Coordination is a relatively recent field, considerably inspired by concurrency theory. Coordination languages and models are based on the philosophy that an application or a system should be divided into the parts that perform computations, typically components or services, and the parts that coordinate the results and resources required to perform the computations. The coordination aspect focuses on the latter, describing how the components or services are connected. We study a specific class of coordination models, namely synchronous, exogenous, and composable models, and we exploit implementation techniques for such models in distributed environments.
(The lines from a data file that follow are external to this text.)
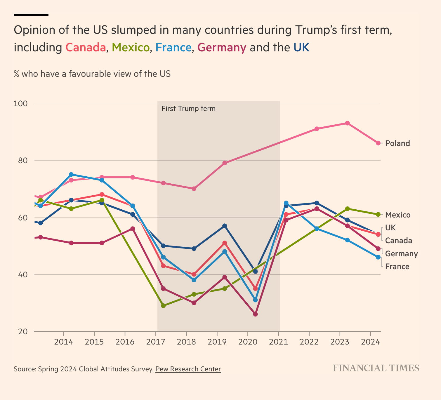 The long read in the FT this weekend under the title “Trump and the end of American soft power” is by one of the true doyens of US foreign policy thinking, Joseph Nye. Back in 1990 Nye popularized the idea of “soft power” to characterize the way that countries influence each other by means other than “hard power”. Unsurprisingly, he sees Trump’s “exclusive nationalism” as a losing strategy. Nye concludes that “American soft power will have a hard time during the next four years”. But he stops short of making any wider diagnosis.
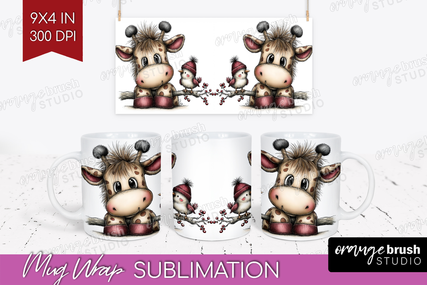 Giraffe Valentine Mug Wrap Whimsical Animal Mug PNG example image 1
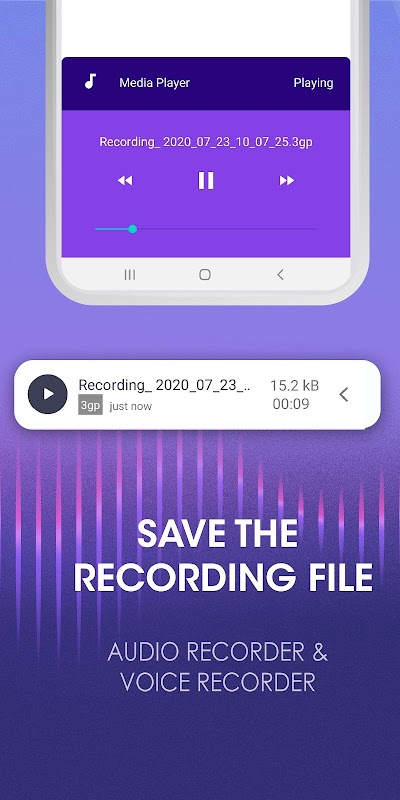 When you record a good recording, with Recorder app: Tape recorder & Sound recorder you can set it as a ringtone, alarm, or message. Not only that Recording app: Audio recorder & Voice recorder also save maximum battery for you even if Recorder app: Tape recorder & Sound recorder runs in the background.
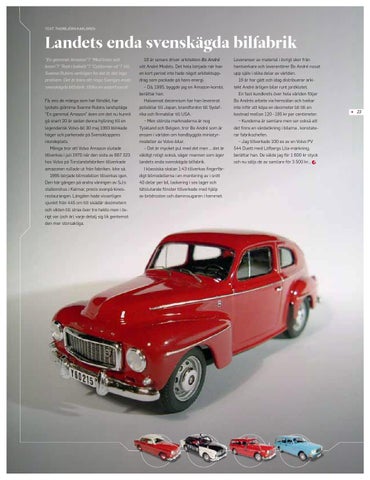 Leveranser av material i övrigt sker från hantverkare och leverantörer Bo André nosat upp själv i olika delar av världen. 16 år har gått och idag distribuerar arki tekt André årligen bilar runt jordklotet. En fast kundkrets över hela världen följer Bo Andrés arbete via hemsidan och tvekar inte inför att köpa en decimeter bil till en kostnad mellan 120 – 195 kr per centimeter. – Kunderna är samlare men ser också att det finns en värdeökning i bilarna , konstate rar fabrikschefen. – Jag tillverkade 100 ex av en Volvo PV 544 Duett med Löfbergs Lila-märkning, berättar han. De sålde jag för 1 600 kr styck och nu säljs de av samlare för 3 500 kr...
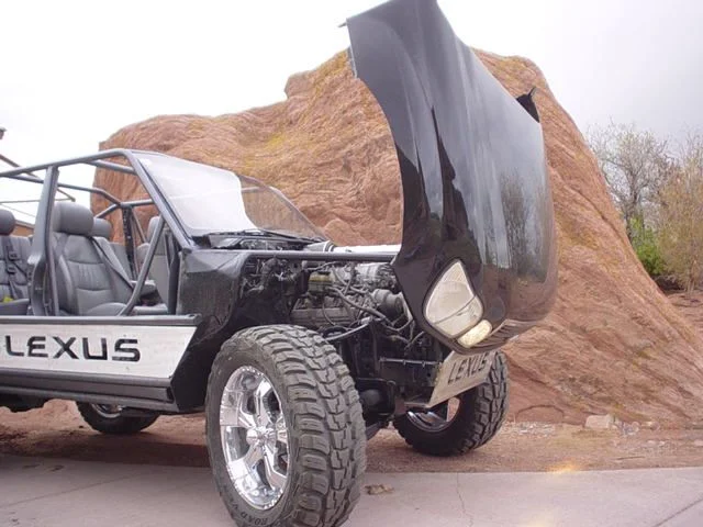 I used a cruiser chassis for its factory locker and no crappy height adjustable suspension were the reasons, then I put all the lexus parts except rear taillighs I even have mats and badges if it matters. I did not swap tailights because We will be wheeling it and have smashed many before. Actually I was going to put those stupid Altezza ones to match the chrome wheels just to piss you guys off. (kidding) . We did wheel it hard enough tot break it. I have 2 more both actual lexus to borrow parts from. Plan on hitting a few more events this year
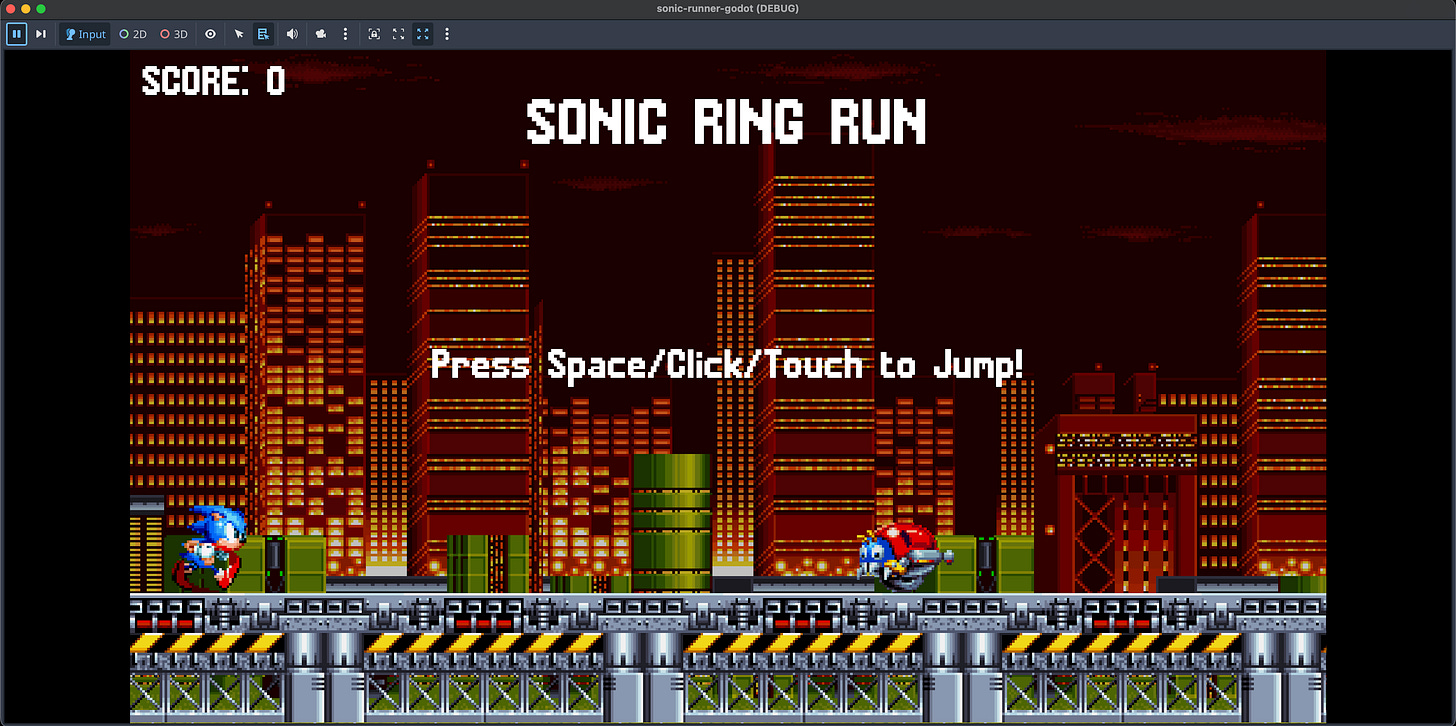 Godot 4 version : https://jslegend.itch.io/sonic-ring-run-godot-version

Our work concentrates on the Reo coordination model as the main representative of this class of coordination models.
Current engines that execute Reo allow the coordination layer to run only in a single thread of execution, although the components can execute in parallel or on a distributed platform. Furthermore, due to the synchrony aspect these engines only support small systems, and do not scale. To address these limitations, our approach to implement Reo-like models makes a tradeoff between pre-compiling the possible behaviour and calculating it at runtime.
Our work contributes to the field of coordination, in particular to Reo, by improving existing approaches to execute synchronisation models in three major ways. First, this work supports decoupled execution and lightweight reconfiguration. We introduce a distributed protocol that allows actors to reach consensus about data exchange, and performs the actual communication of data. We developed a prototype Dreams engine to test this protocol, using an actor library for the Scala language. Reconfiguration of a small part of the system is independent of the execution or behaviour of unrelated parts of the same system. Second, Dreams outperforms previous Reo engines by using constraint satisfaction techniques. In each round of the execution of the Dreams framework, descriptions of the behaviour of all building blocks are combined and a coordination pattern for the current round is chosen. This choice is made using constraint satisfaction techniques, requiring less time than previous approaches that collect all patterns before selecting one. Third, our work improves scalability by identifying synchronous regions. We statically discover regions of the coordination layer that can execute independently, thus achieving a truly decoupled execution of connectors. Consequently, the constraint problem representing the behaviour at each round is smaller and more easily solved.